İlk sufiler, yola "Sufi" olmak için çıkmış insanlar değil, güzel müslüman olma cehdiyle çıkmış insanlar. Sufilik zaman içinde gelen bir dış tanımlamadır.

Gerçeğin çağrısı şudur: İşte İslâm. İşte insanlık. İşte onun kutlu önderi-kutlu örneği. İşte İslâm'ı güzel yaşayan Allah dostları. "Allah'la birlikteliği idrak" bilinciyle donanmış bir insan, bir Müslüman olma sınavı herkesin önündedir. Sufi'nin çabası, Hazreti Muhammed'in çizgisini, insanlığını, ya da O'ndan sonra gelen Allah dostlarının çizgisini çağımıza taşıma gayretidir. Mevlânâ'yı, Yunus'u, Şah Nakşbend'i çoğaltma çabasıdır. Bir güzel Müslüman olma sevdasıdır. Ve o sevda ulaştığı her yüreği diriltir. Sufilik, dünya maceramızdaki yürek sınavının farkında olmaktır.

Peki bu disiplin, yukardaki çerçevede işleyebiliyor mu?
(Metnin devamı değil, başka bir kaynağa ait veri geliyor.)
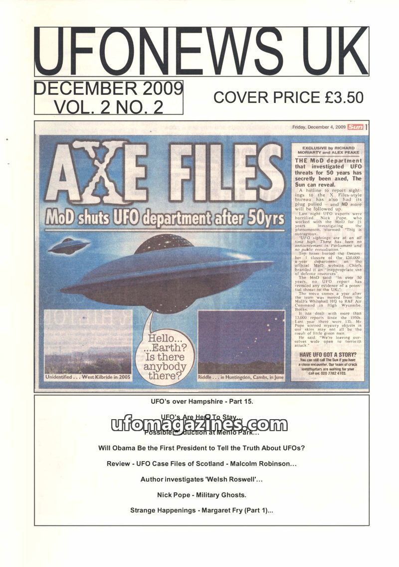 The December 2009 issue of UFONEWS UK reports on the closure of the UK Ministry of Defence's UFO department after 50 years, a move criticized by UFO experts. The magazine also deta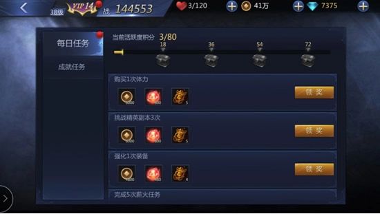 每日任务涵盖了日常玩法的各个方面,像挑战普通副本、精英副本以及竞技玩法等,大家不必担心任务难度过高难以完成,完成任务后别忘了进入任务界面领取相应的奖励哦~~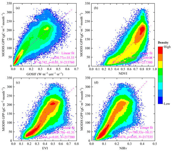 Scatter fitting between MODIS GPP and GOSIF (a), NDVI (b), EVI (c), and NIRv (d) during July–December 2019. Note: Each dot denotes the monthly value for each pixel (0.05° × 0.05°); N indicates the data size.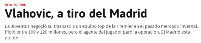 JRS直播网02月2日讯 据西班牙媒体《阿斯报》报道,皇马可能在今夏签下尤文的塞尔维亚中锋弗拉霍维奇。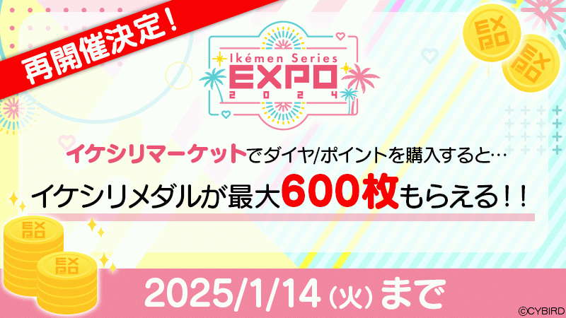 ※1月14日に23:59:59までにイケシリマーケットで購入した総額に応じてメダルが貰えます。このイケシリメダルは1/21 12時以降に取得できます。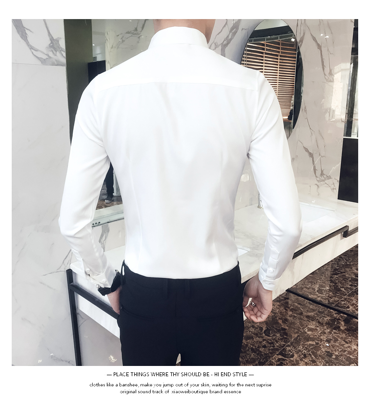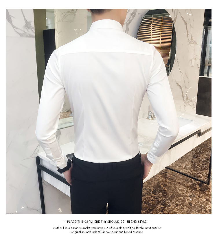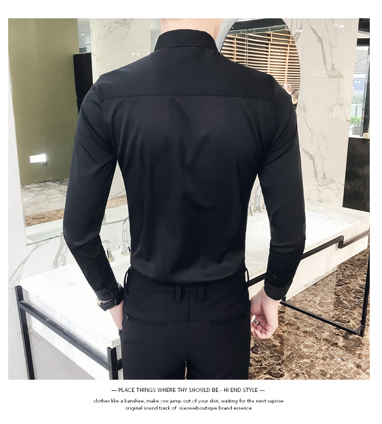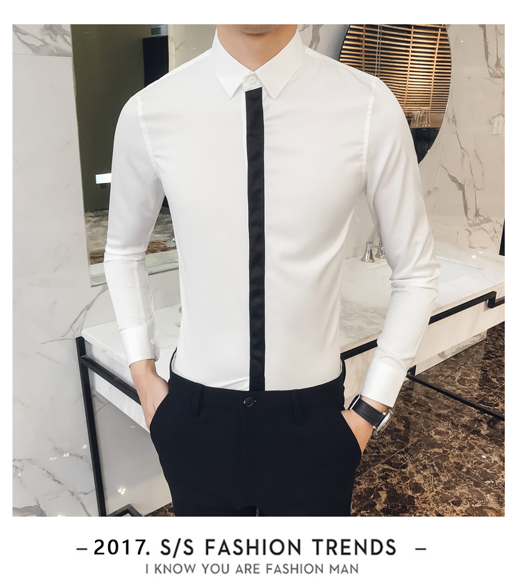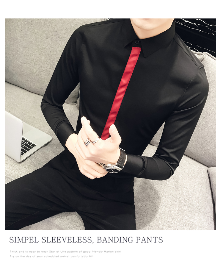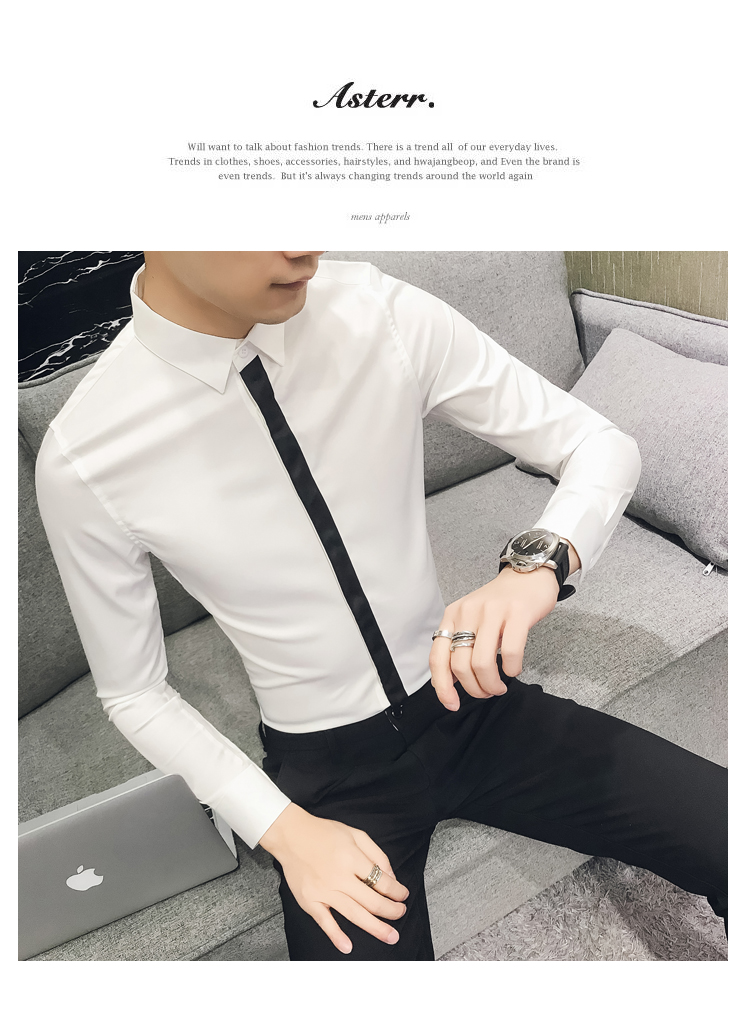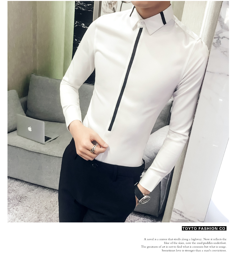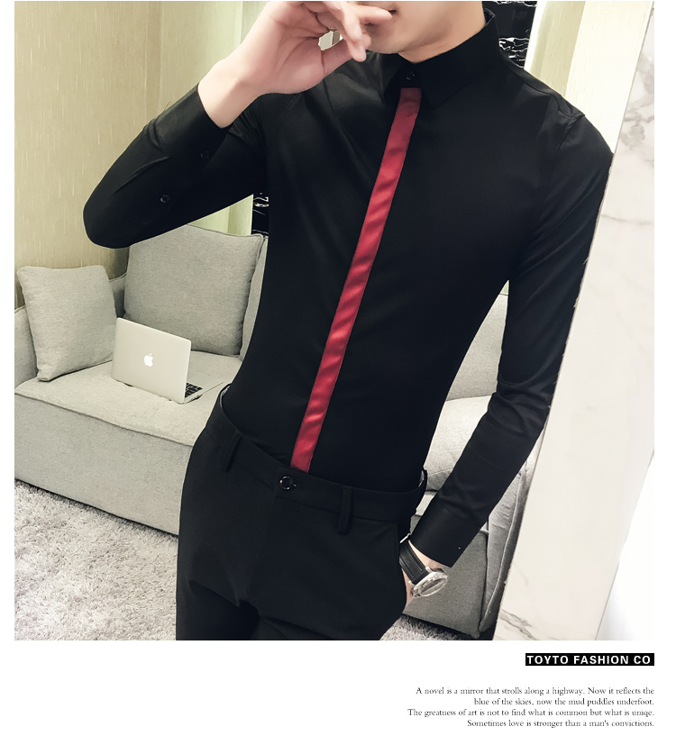 2019新款春秋修身花襯衫男韓版長袖襯衫發型師潮流條紋襯衣男青年1入

O apayrı bir konu.

Ahmet TAŞGETİREN (Altınoluk Dergisi, Nisan, 2001)

selsebil
Sat 3 October 2009, 07:42 pm GMT +0200
Güzel müslümanlık her kişide olmalıdır ama er kişinin karıdır
Bu çabada olmak ve gayret etmek gerekir yoksa gerçek mutluluğa ulaşmak mümkün olmaz
Allah razı olsun sayın hocam ... +rep,
Ahmet Taşgetirene de selamlar olsun rabbimin razı olduğu kul olsun inş
 

akmina
Sun 13 December 2009, 10:29 pm GMT +0200
Hazırlamış olduğunuz bu bölüm çok faydalı ,bilgi verici,elinize emeğinize sağlık.Hayırlı geceler.

Batili
Mon 1 February 2010, 05:53 pm GMT +0200
Sufi bir günlüğü.

Çok güzel sürekli gözetildiğinin farkında olması kendini hesaba çekmesi hakeza...


rabia
Mon 29 March 2010, 11:03 pm GMT +0200
Allah razı olsun hocam çok güzel bir konuydu.
Rabbim bizlere bu güzel şeylerin feyzini her an yaşamayı nasip etsin.
Ve biz himmet dedikçe hizmet şuuruyla pişelim inşaallah...

sumeyye
Thu 6 May 2010, 12:58 pm GMT +0200
Esselamu aleykum yalnizca bir gün böyleyse bir ömür ne kadar güzel olur.Rabbim (c.c.) hepimize nasip eylesin insaAllah.Allah (c.c.) razi olsun.Selametle.

mebruka
Thu 6 May 2010, 01:47 pm GMT +0200
allah razı olsun.

yaşar25
Sat 3 July 2010, 01:31 pm GMT +0200
Hocam ALLAH yar ve yardımcınız olsun bana çok güzel ışık tuttunuz unuttuğum şeyleri hatırlattınız.İnşallah bundan sonra bende nefsimi devamlı sorgular olacağım.En azından gayret edeceğim.Şu an içimde garip bir pırıltı oluştu içim rahatladı.Allah tüm müslüman kardeşlerimizin yar ve yardımcısı olsun....

manas
Fri 12 November 2010, 06:00 pm GMT +0200
Rabbim içimizdeki pırıltıları hiç söndürmesin inşaallah..Birgünümüz ve hergünümüz yukarıda anlatılanların müşahhas örneği olsun inşaallah..Rabbim bizi kendine dost ve karin eylesin inşaallah..AMİN.

saniyenur
Sat 23 April 2011, 04:38 pm GMT +0200
Allh razı olsun hocam...
Amaç, insana "ALLAH'ı görüyormuş gibi yaşama" disiplini kazandırmak. Ya da kişiliğe, "Siz O'nu görmeseniz de O'nun sizi gördüğü" bilincini yüklemek... Size "şah damarınızdan yakın" bir Kudret'le birliktesiniz. "Nerede olursanız olun, sizinle birlikte olan" bir Varlık var, işte O'nu hissetme, idrak etme, hayatını O'nunla birlikteliğin hassasiyeti içinde inşa etme bilinci edinmek tasavvuf terbiyesi...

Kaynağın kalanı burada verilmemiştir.